Avec cette politique d’hermétisme absolu, le Royaume du Maroc a transformé le Sahara Occidental — divisé par un mur militarisé et miné de 2 720 km, surveillé par plus de 120 000 soldats — en le territoire le plus hermétique et opaque de la planète. Des centaines de milliers de familles sahraouies restent séparées depuis cinq décennies, sans aucune possibilité de retrouvailles familiales.

Cette situation d’isolement forcé et de violation systématique des droits de l’homme s’est notablement aggravée depuis que le Maroc a obtenu le soutien politique explicite de plusieurs dirigeants internationaux, dont les gouvernements de Pedro Sánchez (Espagne), d’Emmanuel Macron (France), de Benjamin Netanyahu (Israël) et l’ancienne administration de Donald Trump (États-Unis), qui ont contribué à légitimer l’occupation et à garantir l’impunité.

L’AFAPREDESA exige que la communauté internationale cesse d’être complice passive de cette anomalie flagrante et demande de toute urgence les mesures concrètes suivantes :

  1. L’intervention immédiate du Secrétaire Général des Nations Unies et du Haut-Commissaire aux Droits de l’Homme pour exiger la cessation immédiate du blocus des observateurs internationaux et l’ouverture sans restriction du territoire aux missions techniques de l’ONU et aux rapporteurs spéciaux.
  2. La reprise urgente des visites du Comité International de la Croix-Rouge au Sahara Occidental occupé, paralysées depuis 1996.
  3. La création d’un mécanisme permanent de surveillance des droits de l’homme de l’ONU sur tout le territoire, garantissant un accès libre et sans entrave aux observateurs indépendants.
  4. La condamnation explicite par l’Union Africaine, l’Union Européenne et les États membres du Conseil de Sécurité de cette politique systématique d’obstruction et de violation du droit international humanitaire et des droits de l’homme.
  5. La cessation de tout soutien politique, économique ou diplomatique contribuant à perpétuer l’occupation et l’isolement forcé du peuple sahraoui.

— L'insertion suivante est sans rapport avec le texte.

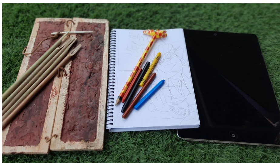
Figura 4. Comparación entre una tabula cerata y estilos, un cuaderno con lápices de colores y una Tablet.

Todos estos elementos, pueden ser comparados por niños y niñas con aquellos objetos actuales con los que ellos aprenden sus primeras letras y se adentran en sus primeras lecturas: cuadernos de distintos tamaños y grosores, papel, lapiceros, pinturas de colores, ceras, rotuladores, témperas, tablets incluso, son objetos cotidianos para niños y niñas de infantil, y apreciar la manera en la que han evolucionado estos objetos desde el pasado, pueden contribuir a aproximarlos a la dimensión temporal e histórica, a la vez que a conectar con la importancia de la escritura (Figura 4).

L’AFAPREDESA réaffirme que le droit du peuple sahraoui à l’autodétermination est inaliénable et reconnu par les résolutions de l’ONU et de l’Union Africaine. Tant que persistera cette occupation illégale et cet hermétisme délibéré, la communauté internationale a la responsabilité inéluctable d’agir avec fermeté et urgence.